Eftelya /fısıltı

782 137 10
                                    

"Ne yaptın sen?" Diye soruyorum boğuk bir fısıltıyla. Doktor ekin'in yanına diz çöküyorum. Kadının koyu sarı saçları kızıla bürünüyor.

"Bir şeyler yap. Doktor çağır !"diye bağırıyorum.

"O artık yaşayamaz Eftelya. Şimdi beni takip et."Diyor sakince. "Hayır." Diyorum tükürürcesine.

Kadının kanları dizlerime ulaşmış bile. "Doğaya da böyle yapmamı istemiyorsan beni takip et." istemeyerek ayağa kalkıyorum. Kot pantolonumun dizleri kanlanmıştı. Dizlerim titriyordu. Asenayı takip etmeye başladım. Omuzumun arkasından baktığımda iki adam doktorun kollarından sürüklüyorlardı. Başımı çevirip hemen önüme döndüm. Asena'nın yaptığı yasal değildi bir doktor öldürmüştü.

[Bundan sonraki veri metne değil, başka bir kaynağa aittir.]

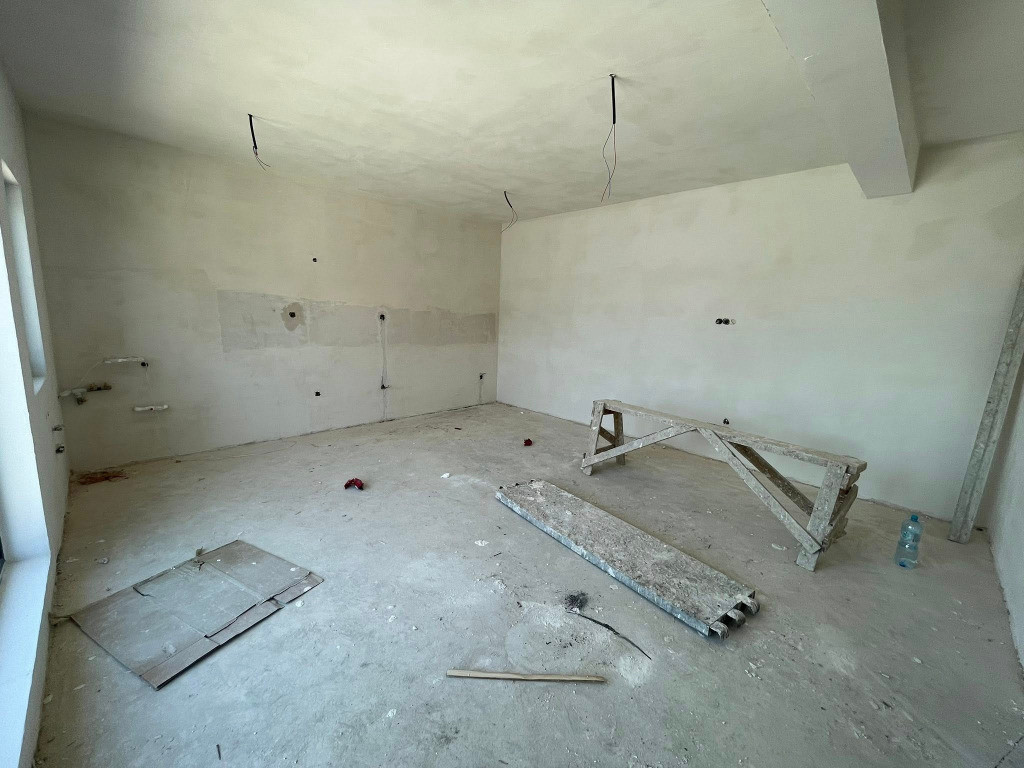 De vânzare apartament cu 2 camere cu o suprafața utilă de 52.43 mp, curte cadastrată de 60 mp, 2 locuri de parcare și POD înalt, cu placa de beton și scară retractabilă (pentru depozitare). Se predă la GATA, finisajele interioare sunt la alegerea clientului. Apartamentul dispune de încălzire prin pardoseală, centrală termică Ariston, tâmplărie Rehau cu sticlă tripan. Izolatia fonica intre apartamente este formata din caramida 25 cm grosime + tencuiala mecanizata + rigips fonic montat pe ambele parti ale zidariei (la peretii comuni intre apartamente). Apartamentul are o poziție foarte bună, în imediata apropiere regăsim stație de autobuz, magazine, restaurante, școală gimnazială, grădinița pentru copii, toate la maxim 5 minute de mers pe jos. Complexul este racordat la toate utilitatile publice ale orașului (gaze, electricitate, apa/canal, fibra optica). Preț vânzare: 77.900 + TVA Pentru mai multe detalii și vizionari vă rog să mă contactați la numărul de telefon 0770670090 Elena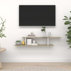 Stenska TV polica bela in sonoma hrast 125x18x23 cm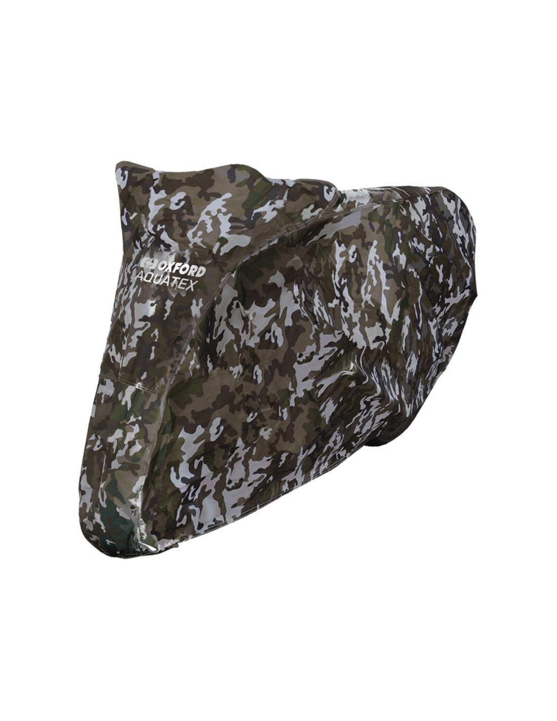 The Motorcycle Cover Oxford Aquatex Camo is the essential motorcycle cover. As you would expect from the world’s best-selling motorcycle cover it comes packed with useful features and is built to last. The camouflage graphic design blends in with the surroundings.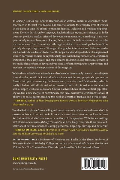 In Making Women Pay, Smitha Radhakrishnan explores India's microfinance industry, which in the past two decades has come to saturate the everyday lives of women in the name of state-led efforts to promote financial inclusion and women's empowerment. Despite this favorable language, Radhakrishnan argues, microfinance in India does not provide a market-oriented development intervention, even though it may appear to help women borrowers. Rather, this commercial industry seeks to extract the maximum value from its customers through exploitative relationships that benefit especially class-privileged men. Through ethnography, interviews, and historical analysis, Radhakrishnan demonstrates how the unpaid and underpaid labor of marginalized women borrowers ensures both profitability and symbolic legitimacy for microfinance institutions, their employees, and their leaders. In doing so, she centralizes gender in the study of microfinance, reveals why most microfinance programs target women, and explores the exploitative implications of this targeting.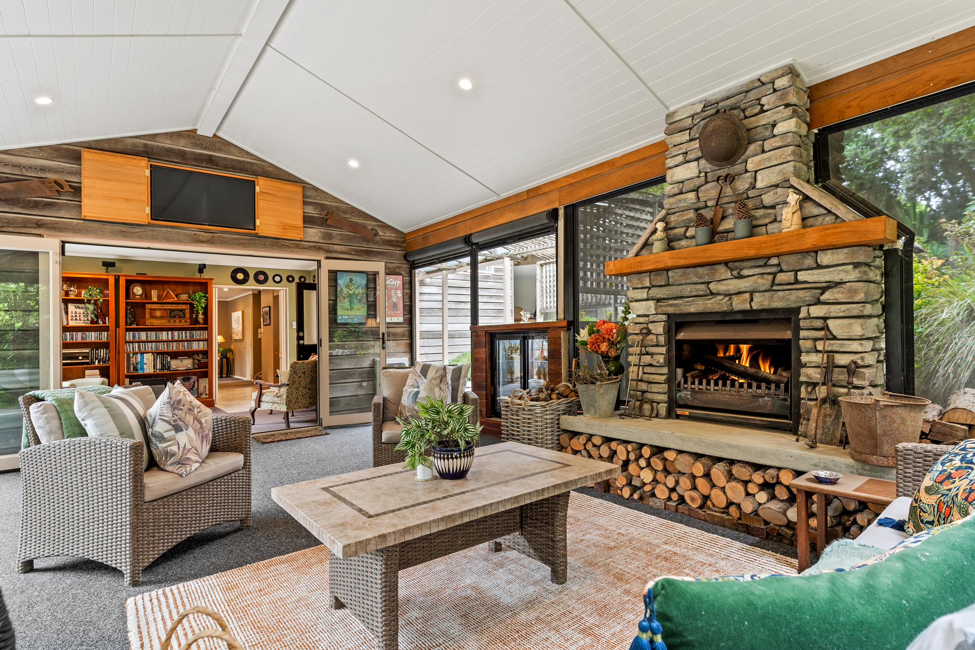 Arranged over three levels, the top floor offers two well proportioned bedrooms and a family bathroom; the middle level features a flexible room ideal as a study or extra bedroom, the master suite with walk in robe and ensuite, plus a separate laundry. The lower level is the social hub: open living, a central kitchen, dining area and music room flow through large glass bi folds to an elevated entertainer’s pavilion that opens onto lush greenery for a tranquil ambience. A commanding stone fireplace anchors the pavilion with rugged elegance – perfect for slow afternoons by the fire – while a concealed built in screen and integrated bar fridge make hosting effortless. The entire lower floor opens to a generous east facing deck overlooking the pool for seamless indoor/outdoor living year round, aided by large drop down blinds.

"Beni nereye götürüyorsun?" İsteksizce başını bana çevirip yürümeye devam etti. "Diğerlerinin yanına gidiyoruz." Geldiğim yönden geri dönüyoruz. Asansöre binip üç kat aşağı iniyoruz. Tekrar uzun bir hol beni karşılıyor. Ben Asenayı takip ederken Doğayı düşünüyorum. Neredeyse akşam olmak üzere. Zindandaydı bir şekilde doğanın yanına gitmeliydim.

Arasın benim için geleceğine inanıyordum. Ona doğayı da Anlatmalıydım. Yarın sabah Doğanın yanına gitmem kesinleşmişti. Ne olursa olsun Onu yarı yolda bırakmayacaktım. Kapının önüne vardığımızda asena beni süzdü dizlerimin doktorun kanlarına bulaştığını görünce yüzünü buruşturdu. Elini hafifçe sallayınca kan lekesinden eser kalmamıştı.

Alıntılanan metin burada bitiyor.